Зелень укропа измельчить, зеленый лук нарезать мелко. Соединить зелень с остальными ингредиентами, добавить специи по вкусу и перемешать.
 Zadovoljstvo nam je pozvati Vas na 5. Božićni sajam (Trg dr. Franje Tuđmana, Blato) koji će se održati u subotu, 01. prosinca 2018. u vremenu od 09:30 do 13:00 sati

━━━━━━━━━━━━━━━━━━━━

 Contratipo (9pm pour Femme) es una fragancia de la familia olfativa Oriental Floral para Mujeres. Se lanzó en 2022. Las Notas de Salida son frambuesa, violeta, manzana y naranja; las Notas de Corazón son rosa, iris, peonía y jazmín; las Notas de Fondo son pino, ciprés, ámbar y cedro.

━━━━━━━━━━━━━━━━━━━━

Directions for this task >> Which lines above run from the one containing "Зелень укропа измельчить, зеленый" to the one containing "Zadovoljstvo nam je"? Give them again exactly, both ends included.

Output for this task >>
Зелень укропа измельчить, зеленый лук нарезать мелко. Соединить зелень с остальными ингредиентами, добавить специи по вкусу и перемешать.
 Zadovoljstvo nam je pozvati Vas na 5. Božićni sajam (Trg dr. Franje Tuđmana, Blato) koji će se održati u subotu, 01. prosinca 2018. u vremenu od 09:30 do 13:00 sati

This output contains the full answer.